Lucas de Ávila Martins — Mon, 30 Dec 2019 20:38:46 +0000

When I first saw Instagram's and Snapchat's filter I thought they were all magic.

Later I came to know that it is powered by AI and 3D CGI. But that still doesn't explain much, right?

In order to build a filter you need to do 3 things:

Find the face
Put stuff on the face
Add color to the effect

So lets dig into it!

Find the face

What I mean by find the face: Locate it's position and rotation in three dimensions. If you look around you will probably see this refered as defining the head pose with 6 degrees of fredom.

The approach I used is the one based on this blog post and it goes like this:

Locate certain keypoints (nose tip position, left eye position, etc...) in the image.
Given an approximated 3D representation of the face, solve the Perspective-n-Point and get the face's rotation and translation in 3D.

Locate keypoitns

For this task I'm using an AWESOME library called face-api.js. You give it an image or a video and it will return a list of where are 68 keypoints on a human face.

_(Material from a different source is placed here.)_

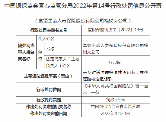 4月27日消息,据中国银保监会宜春监管分局行政处罚信息公开表显示,富德生命人寿保险股份有限公司樟树支公司因未及时送达理赔退件通知书,导致理赔核定超期限被罚款5万元。

The way it works is best explained at the project's page but in short:

Find where in the image the face is (the blue square on the right side of the gif), this is done using Tensorflow to run the image through a Neural Network.
Now that you have only the cropped face apply it to another Neural Network, this one will output positions for the keypoints.

Solve Perspective-n-Point

Given where the keypoints are we can use an estimated 3D model of the human face and try to rotate and move it around so that it's projection would be the same as the one observed.

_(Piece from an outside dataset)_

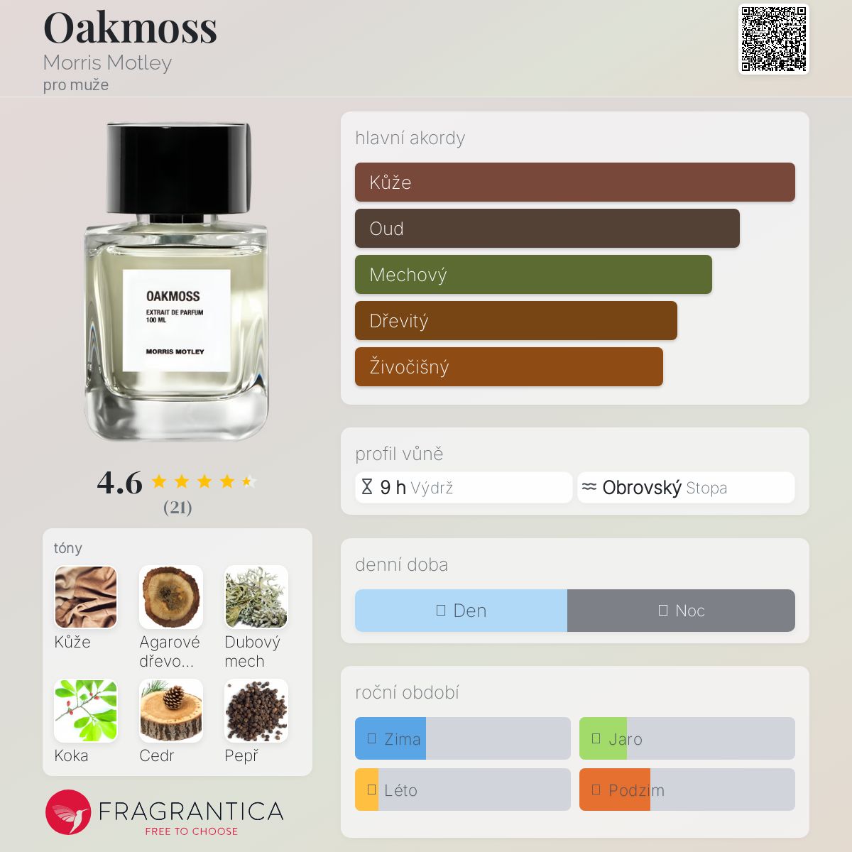 Oakmoss podle Morris Motley je Leather vůně pro muže. Oakmoss byl/a uveden/a v roce 2020. "Nosem" za touto vůní je Karine Vinchon Spehner.

We need a list of the 3D points that correspond to the 2D ones observed in the image, we don't actually need a 3D model at all.

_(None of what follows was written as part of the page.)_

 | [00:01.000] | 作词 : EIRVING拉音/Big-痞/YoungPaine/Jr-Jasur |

But, of course, having this 3D model makes our life easier because it's now a matter of measuring it and getting these 3D points.

I moved a cube to the desired points and the copied and pasted the location Blender (or any other 3D modelling software) would tell me the object is.

We would also need to know some parameters about the camera (focal length, center of projection, etc) but we can just approximate them and it works great.

Now feed your 3D points and 2D points to something like OpenCV's solvePnP and you're done. It will give you a rotation value and translation values that when applied to the object in 3D would produce the same projection.

The only problem I got using this approach was that currently compiling OpenCV to WASM would produce a binary blob of ~1MB and 300k of JS after spending a whole day trying to decrease this size (it started at around 4MB).

I didn't want to download and parse all of this just to run one function on my client's mobile phone.

That's why Filtrou.me uses another AI to solve the PnP. If you're interested in the details of this AI read the next blog post.

Put stuff on the face

Great! We now know the rotation and translation to apply to whatever we want to draw over the face.

So let's do it! This couldn't be easier.

We use three.js to create a scene, camera and an object.

Then we apply the rotation and translation given in the previous step to this object:

export const onResults = (
  q: THREE.Quaternion,
  x: number,
  y: number,
  z: number,
) => {
  threeObject.rotation.setFromQuaternion(q);
  // if you're reading Filtrou.me's source code you'll see that
  // y coordinate is corrected given the video aspect ratio.
  // thats because the solvePnP AI sees the video as a square
  // and we're displaying it with diferent aspect ratios there.
  // If you use OpenCV's solvePnP or a square video with solvePnP AI
  // then the correction won't be needed.
  threeObject.position.set(x, y, z);
};